Solutions more akin to AWS Clean Rooms can be found in SoftwareReviews’ Analytical Data Store quadrant. For example, Snowflake is a dedicated cloud data platform used by customers pursuing a multi-cloud strategy and offers a Global Data Clean Room for its customers to collaborate. Cloudera’s open data lakehouse offers shared data between customers, using AWS as its backend system.
AWS Architecture to Facilitate Cross-organizational Data and Model Collaboration on Clean Rooms
Image source: AWS
AWS says Clean Rooms offers multiple layers of privacy protection for Clean Rooms. It starts with isolating data a company wants to share, selecting who you want to collaborate with, determining what data is allowed to be analyzed by those partners, and finally, what protections are applied to the outputs. AWS provides encryption for all data stored in the Clean Rooms but ultimately says it is up to customers not to include data from customers who’ve not consented to share their data with a third-party provider.

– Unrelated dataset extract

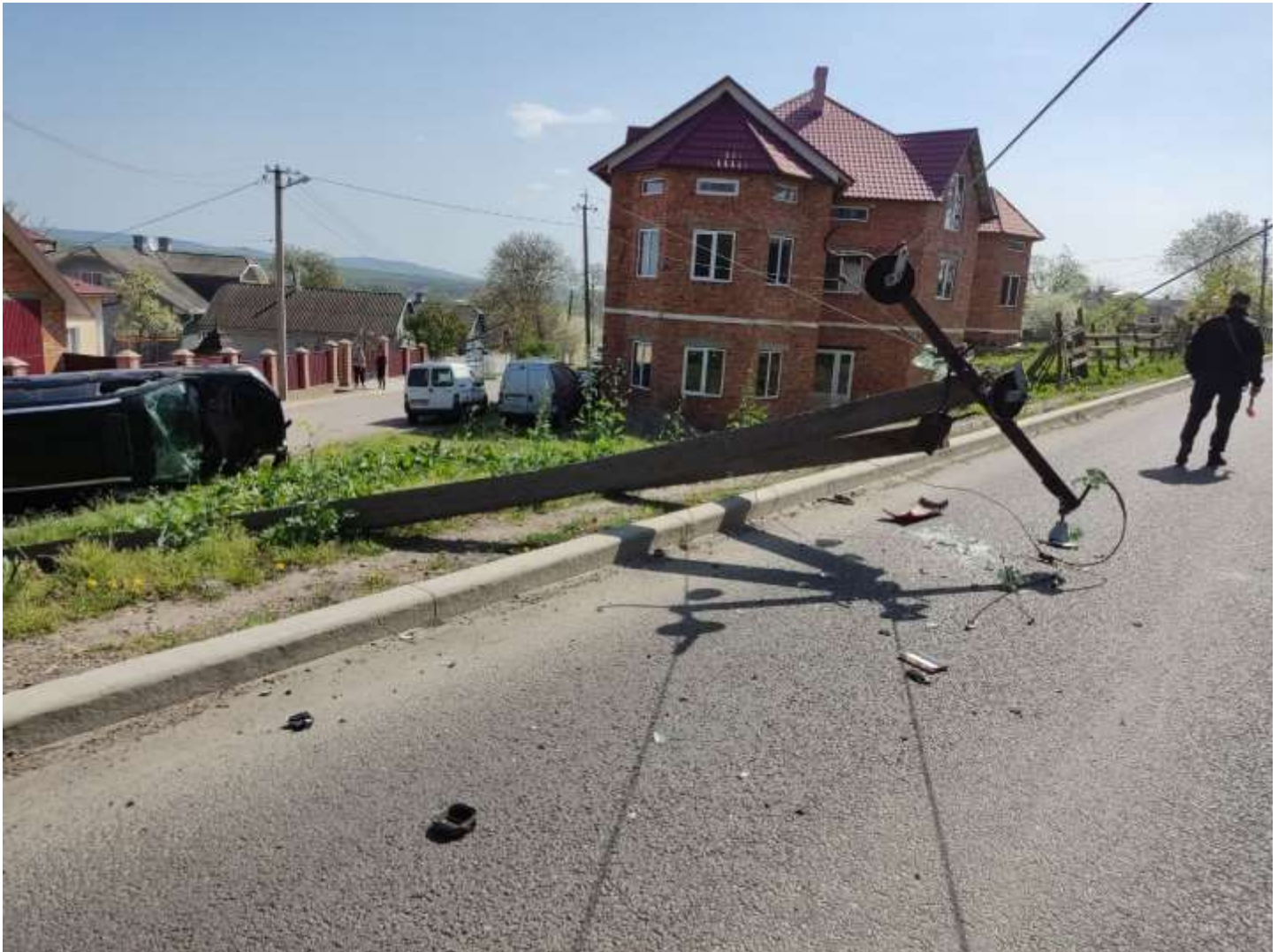
Лашківка, 12 квітня 2024 року

Загалом, виходить, що з початку року з усіх зафіксованих випадків ДТП за «участі» нашого електричного обладнання (тобто у 32 випадках), 9 водіїв – залишили місце пригоди або особи невідомі.

Once the architecture layers are in place, the shared data is available through a persistent, subscription-based offering or via a consumption-based API.
New Choices Await CIOs Charting Their AI Roadmap
Data is the fuel for machine learning models, including new generative AI models. Over the next year, organizations will need to create a data strategy to harvest their own proprietary data to customize and pre-train foundation models and seek other external data sources to complement that effort. Working with other organizations on creating a shared model for a specific purpose is one path to creating value. Consider what has been done: the airline-owned data broker creates custom offers personalized to each customer, boosting sales for airlines that share their shopping data.
Where to build these data alliances is the question. AWS offers a native way to connect all of its customers and is announcing its intent to take the lead in creating industry collaborations. That could provide AWS a first-move advantage if it pools the best data sets and trains the best industry models.
A downside for adopters will be vendor lock-in. Maybe you can take your data out of AWS, but you won’t be able to move the data or models inside of a Clean Room data store. Perhaps it can be integrated through a middleware layer, but this adds complexity. This will have CIOs who are pursuing multi-cloud strategies thinking carefully about where they want to source this capability and whether it should be from a multi-cloud gateway.
Sharing data directly should only be considered by organizations with mature data governance in place.